Richtig gut gefallen hat mir das westernartige Duell zwischen Eli (Denzel Washington) und Carnegie (Gary Oldman). Hier wird eine schöne Atmosphäre heraufbeschworen, die in ihren besten Momenten an die „Mad Max“-Trilogie erinnert, deren Qualität jedoch zu keinem Zeitpunkt erreicht wird. Trotz teils völlig überzeichneter Charaktere nimmt sich der Film viel zu ernst, was natürlich auch in seiner Thematik begründet ist. Dennoch hätte man da – nein, das Drehbuch ist wirklich nicht gelungen – etwas mehr Fingerspitzengefühl beweisen können.
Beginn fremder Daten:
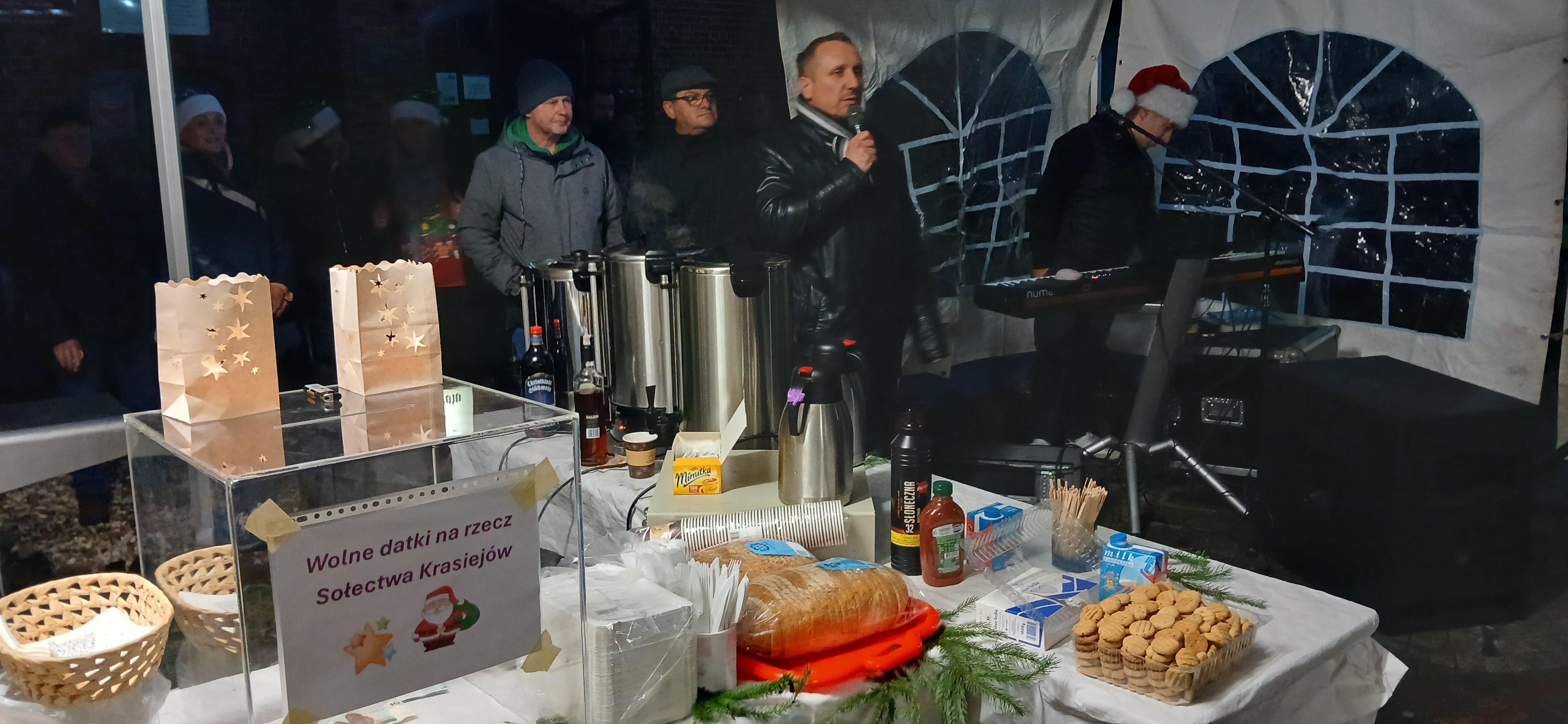 W dniu 7 grudnia na placu przed Starą Szkołą odbył się Jarmark Świąteczny zorganizowany przesz Sołtysa i Radę Sołecką wsi Krasiejów. Po kilkuletniej przerwie jego organizacja pojawiła się w planie pracy naszego lokalnego samorządu i okazało się, że była to bardzo dobra decyzja, tzw. strzał w dziesiątkę. Mieszkańcy, którzy przybyli licznie w sobotnie popołudnie mogli poczuć już przedsmak Świąt Bożego Narodzenia i świetnie się zrelaksować. Pogoda w tym dniu także dopisała organizatorom i gościom. W piątek Sołtys i członkowie Rady Sołeckiej rozstawili namiot i zawiesili oświetlenie, ale prace przygotowawcze do jarmarku zaczęły się znacznie wcześniej. W jego organizację zaangażowali się też rodzice i uczniowie Szkoły Podstawowej. Mamy poszczególnych klas upiekły ciasta, a czwórka artystek pod kierunkiem pani Elżbiety Bienieckiej przygotowała piękny kolędowy program artystyczny. Zgromadzonych na placu gości przywitał przew. RS Krzysztof Koźlik oraz  przedstawiciel UMiG Ozimek wiceburmistrz Andrzej Brzezina, którzy życzyli zebranym miłych wrażeń.

Endzeitfans dürften, trotz seiner Schwächen, Spaß an dem Film haben. Die spärlich eingesetzte Action ist zwar fragwürdig, aber stets gut inszeniert. Leider ist die Geschichte größtenteils recht hanebüchen, was – besonders gegen Ende – ziemlich viel kaputt macht. Zum einmal Schauen kann man jedoch durchaus eine Empfehlung aussprechen. Man sollte sich nur nicht zu viel erwarten: 6/10 Punkte.